Input data ::
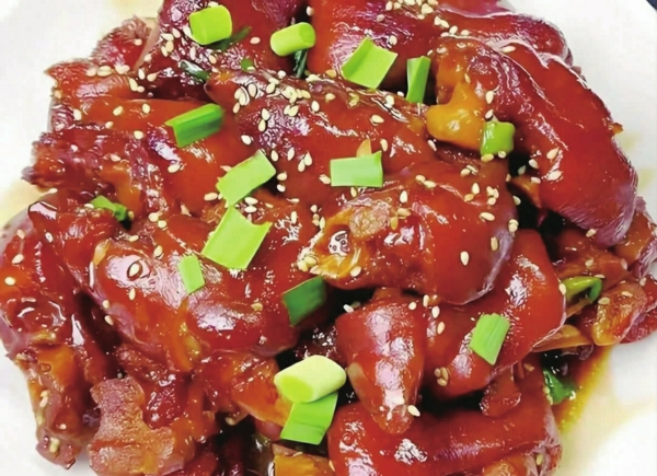 热锅放油后加入冰糖,小火慢炒至冰糖融化,倒入猪蹄翻炒至均匀上色。
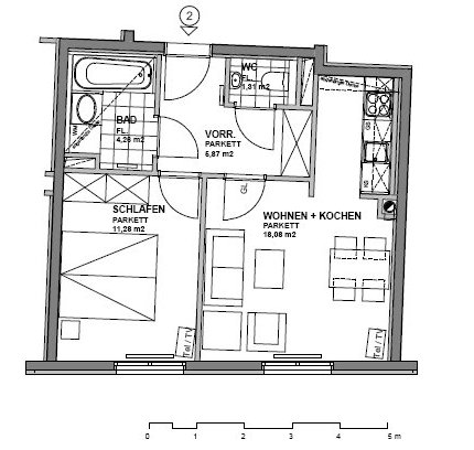 Die Wohnung selbst befindet sich im Erdgeschoss und verfügt über eine Wohnküche, ein Schlafzimmer, ein Badezimmer, ein separates WC sowie einen Vorraum.
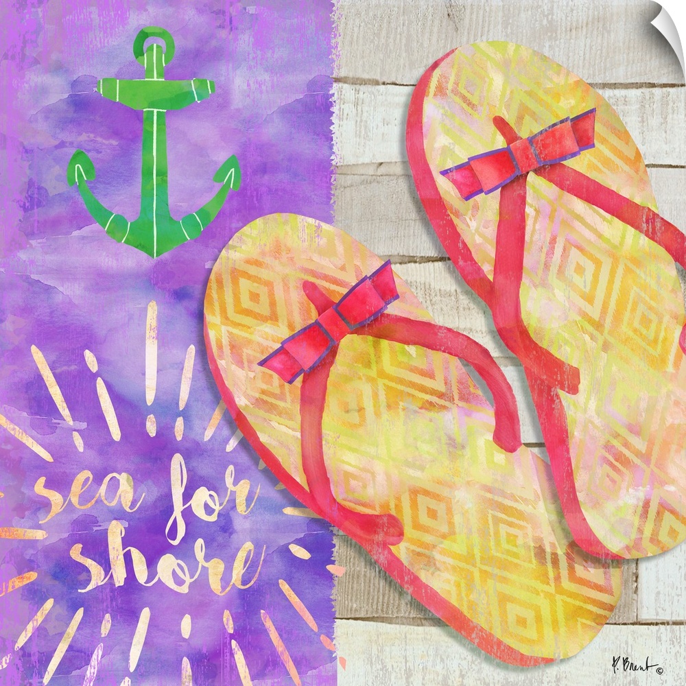 <p>Square Summer decor with flip flops, an anchor, and "sea for shore" written at the bottom.</p>

What you have to do :: Output the line containing "Die Wohnung selbst" and each line after it, through the end of the material, exactly as given. No pictures belong in the output.

Answer section ::
 Die Wohnung selbst befindet sich im Erdgeschoss und verfügt über eine Wohnküche, ein Schlafzimmer, ein Badezimmer, ein separates WC sowie einen Vorraum.
 <p>Square Summer decor with flip flops, an anchor, and "sea for shore" written at the bottom.</p>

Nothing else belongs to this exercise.